Omit all pictures and transcribe only the lines in the entries below that run from the line with "Razor V-17 Youth" through the line with "Small square 4to.;".

▸ **Listed entries**
· · · · ·

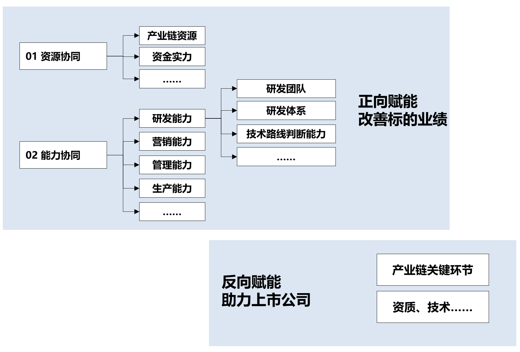 然后,我们再去判断战略是否具有协同性。一般来说,并购协同性可分为正向赋能和反向赋能。其中,正向赋能是指上市公司通过资源协同和能力协同改善被并购企业的业绩。资源协同,例如有产业链资源、资金等,能力协同,例如有研发能力、营销能力、管理能力、生产能力等,而反向赋能则指被并购企业处在产业链的关节环节或其拥有较强的资质和技术等,能够助力上市公司快速发展。如图9-2所示。
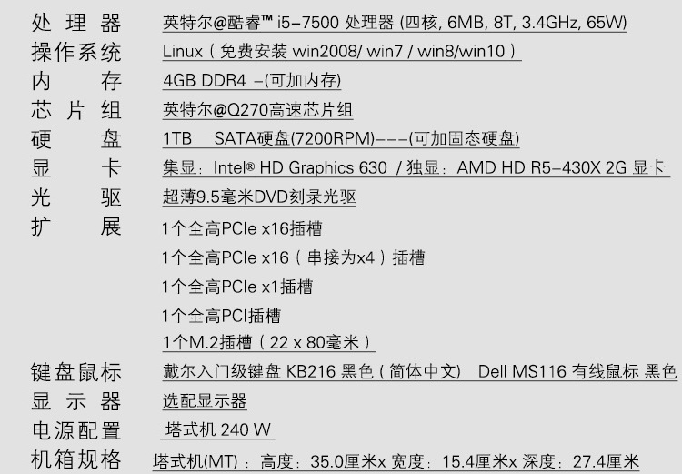 商品名称:戴尔(DELL)OptiPlex 7050 I5-7500/4GB/1TB/DVDRW/Win10 Home/键鼠/3年上门服务/E2417H 23.8寸
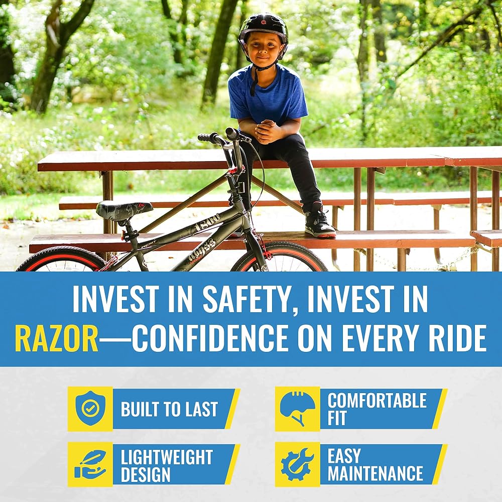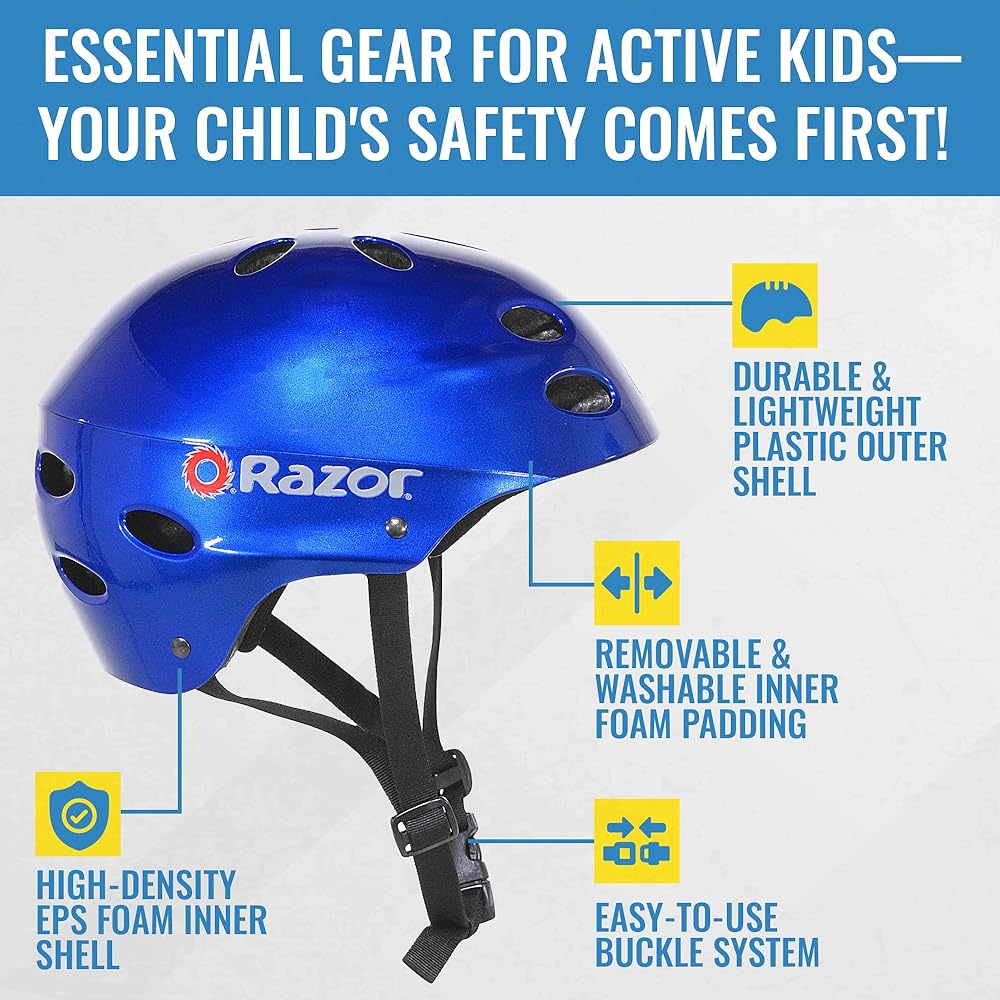 Razor V-17 Youth Multi-Sport Helmet - CPSC Approved Kid’s Helmet with Adjustable Strap - Durable Helmet with Foam Padding for Biking, Skating, and Other Outdoor Sports
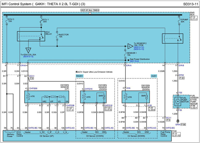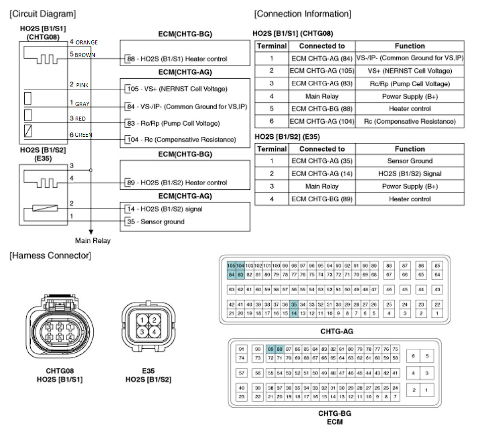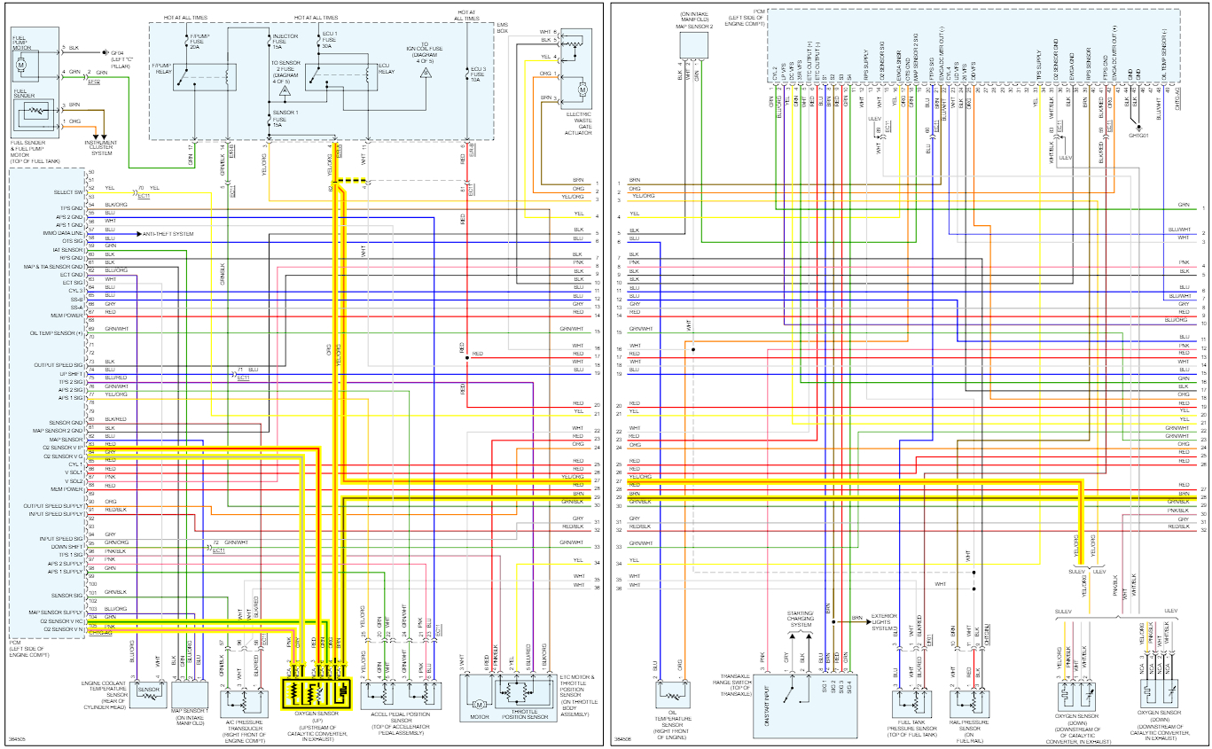 Wiring color code diagram for the 02 sensor bank 1 sensor 1 to the ECM needed.
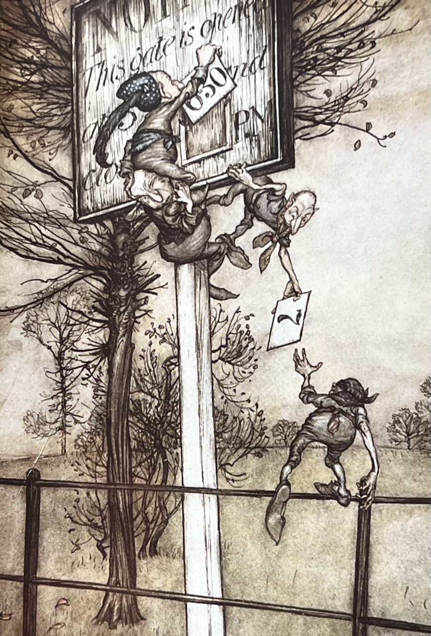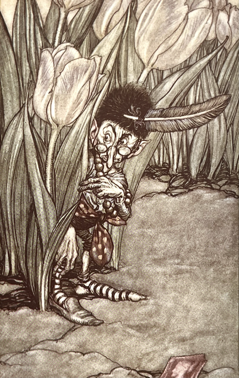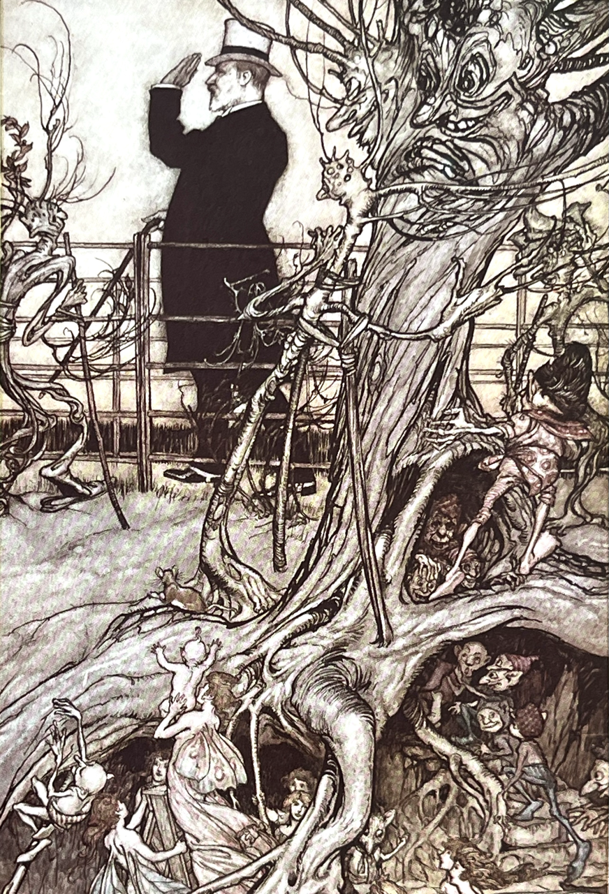 Small square 4to.; publisher’s red cloth elaborately and pictorially gilt with gilt vignette to upper board, decorations and panelling in blind, map endpapers; illustrated with 16 fine and pretty mounted coloured plates by Arthur Rackham; a bright, clean copy with slight fading and marking to spine and a minor dint to fore-edge of upper cover; all plates in fine state.
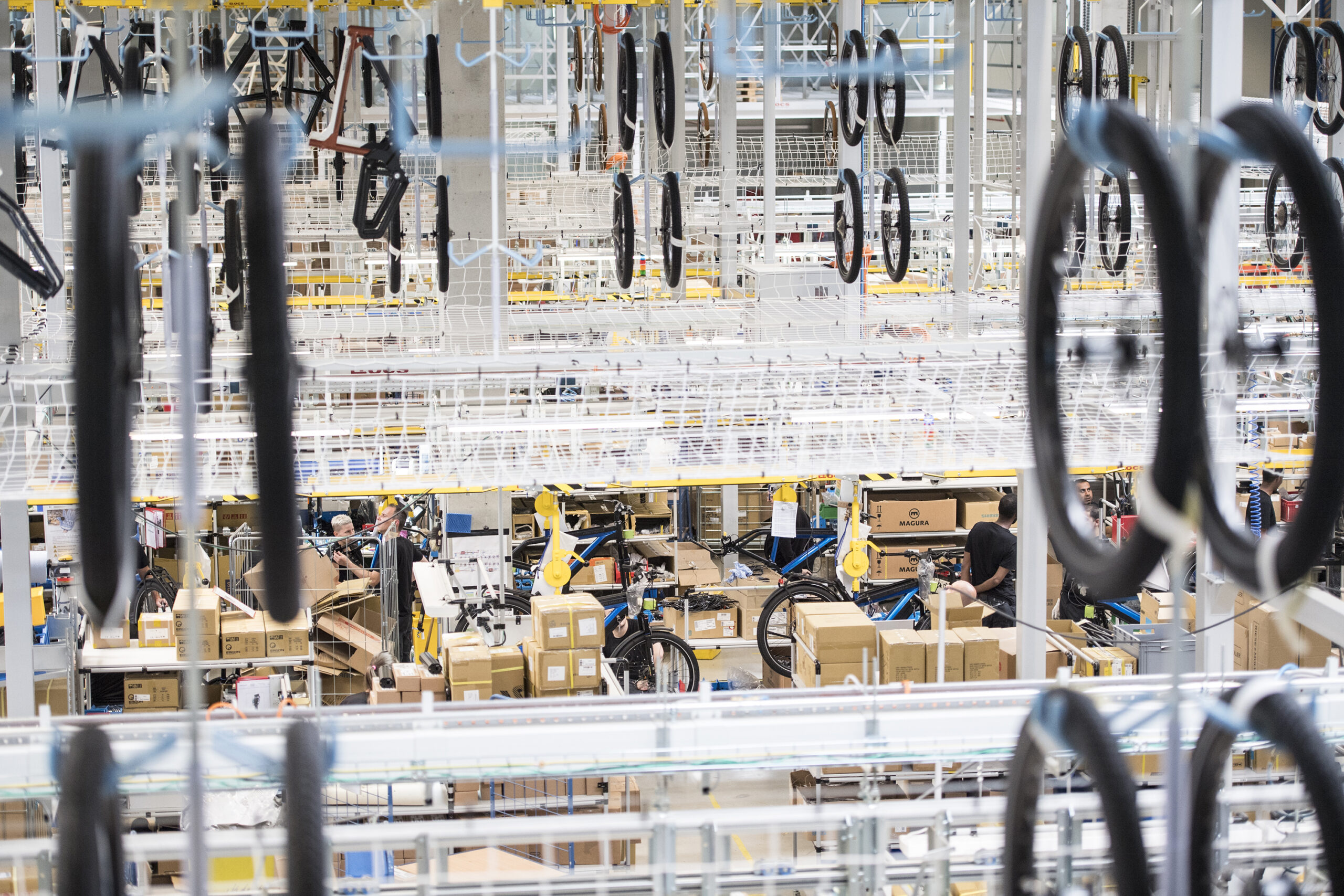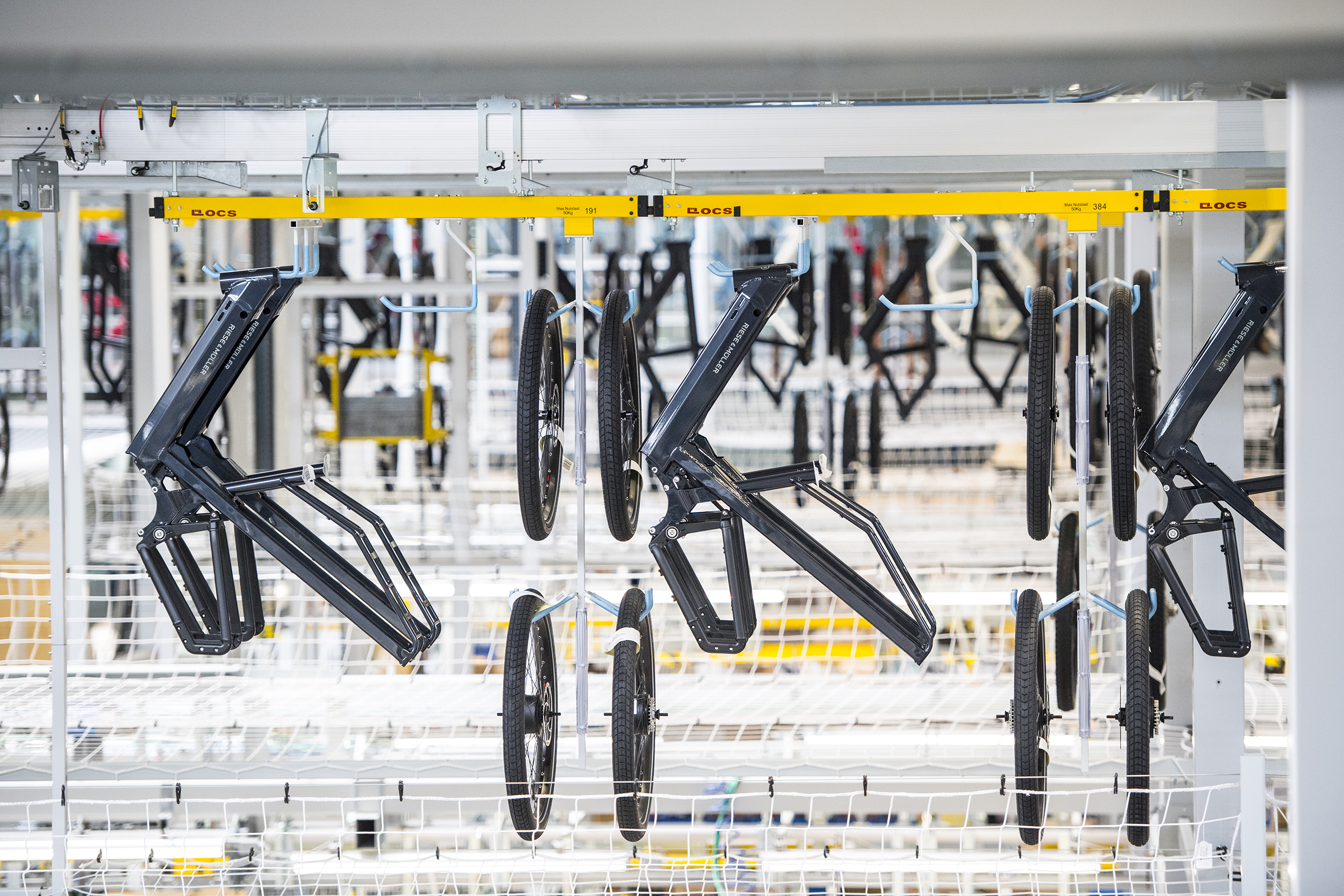 A RFID tag is fixed to each OCS trolley which ensures a clear identification of both trolley and product. The OCS Heavy Duty system is used for transport within the assembly of bicycles. The system is designed without a drive and in each case as a mounting loop. There are five assembly loops for e-bikes and one assembly loop for cargo bikes. The OCS Medium Duty system is used to transport frames and wheels. There is only one product carrier in the system for both products. Vertical conveyors transports the components down to the assembly loops.

· · · · ·

▸ **Response**
 Razor V-17 Youth Multi-Sport Helmet - CPSC Approved Kid’s Helmet with Adjustable Strap - Durable Helmet with Foam Padding for Biking, Skating, and Other Outdoor Sports
 Wiring color code diagram for the 02 sensor bank 1 sensor 1 to the ECM needed.
 Small square 4to.; publisher’s red cloth elaborately and pictorially gilt with gilt vignette to upper board, decorations and panelling in blind, map endpapers; illustrated with 16 fine and pretty mounted coloured plates by Arthur Rackham; a bright, clean copy with slight fading and marking to spine and a minor dint to fore-edge of upper cover; all plates in fine state.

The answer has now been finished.